Thursday, September 18, 2008

Will Cuppy

Tomorrow is the 59th anniversary of the death of the great American satirist Will Cuppy. Not as familiar or as widely read today as he should be, Cuppy was a very popular essayist and reviewer during his lifetime. And although a very private, even reclusive individual, he was well-known and respected in the literary world of his day. He published articles in the New Yorker, wrote the “Mystery and Adventure” review column for the New York Herald-Tribune, and also wrote for the Saturday Evening Post. In the 1940s he was the editor of three collections of stories in the crime and mystery genre.

But his finest works were his books of satirical essays and stories about nature and historical figures, starting with How to Be a Hermit in 1929. That book grew out of Cuppy’s experience keeping house for himself (he never married) in a shack on New York’s Jones Island. It became an immediate best-seller when it appeared and went through six printings in four months. It was followed by How to Tell Your Friends from the Apes in 1931, How to Become Extinct in 1941, and How to Attract the Wombat in 1949.

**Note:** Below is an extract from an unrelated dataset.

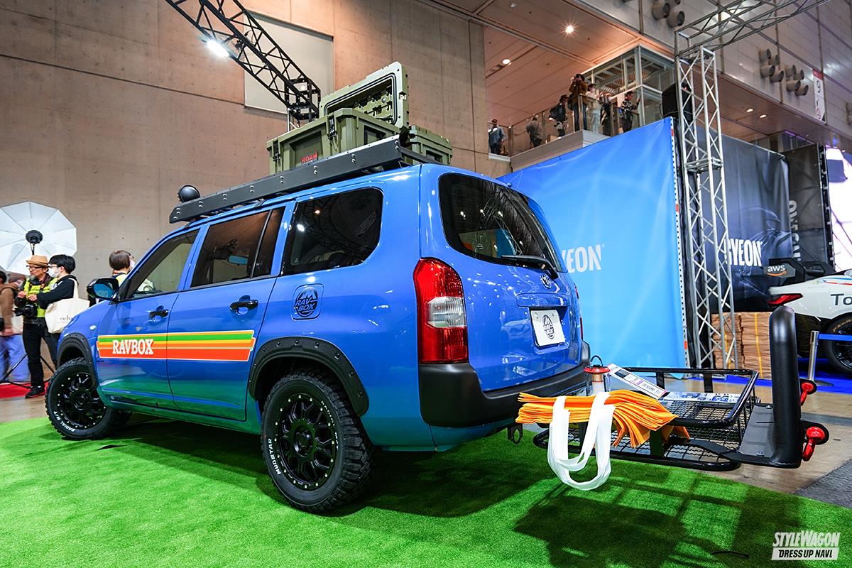 RAV4用アイテムを主力に、軽カーからプラド、ハイラックスなど豊富な車種を展開するネクサスジャパン。2024年イチオシの車種がプロボックスだ。「価格が安くて、ちょっといじるとかっこよくなる」と専用アイテムを開発。これまでプロボックスユーザーはハイエース用を加工するなどしていたバンパーガードを数タイプ設定。またローフォルムを演出できる専用設計のルーフラックも開発。アウトドアだけでなく、仕事用としても使える堅牢さを誇る。

However, the book he’s most remembered for today (and my favorite) is The Decline and Fall of Practically Everybody, which was pulled together by his friend and editor Fred Feldkamp, and published posthumously in 1950. It’s a wonderfully researched, and at times absolutely hilarious, book about the great figures of history from Khufu and Hatshepsut in ancient Egypt, to Captain John Smith and Miles Standish in Colonial America.

Cuppy was very serious about his subject matter, even though he was writing in a comic and satirical vein. According to Feldkamp:
. . . before writing a line on any topic – or even thinking about what he might write – he would read every volume and article on the subject that he could find – including, in many cases, obscure books no longer available in this country. This was standard operating procedure, whether the topic in question was the Giant Ground Sloth or Catherine the Great.

After having absorbed this exhaustive amount of material, he would make notes on little 3-by-5 index cards, which he would then file under the appropriate subheading in a card-file box. Usually he would amass hundreds and hundreds of these cards in several boxes, before beginning to block out his piece.
This research and scholarship shows itself, at least in the case of The Decline and Fall of Practically Everybody, in the hundreds of humorous footnotes that accompany the text. And although Cuppy’s work is sometimes laugh-out-loud funny, you’re always aware that it really does contain quite a lot of legitimate historical fact, which somehow makes it even funnier. Cuppy employs a pseudo-scholarly tone, and the humor is gentle but relentless, and builds throughout each piece – which makes it difficult to give examples. But I’ll try a couple.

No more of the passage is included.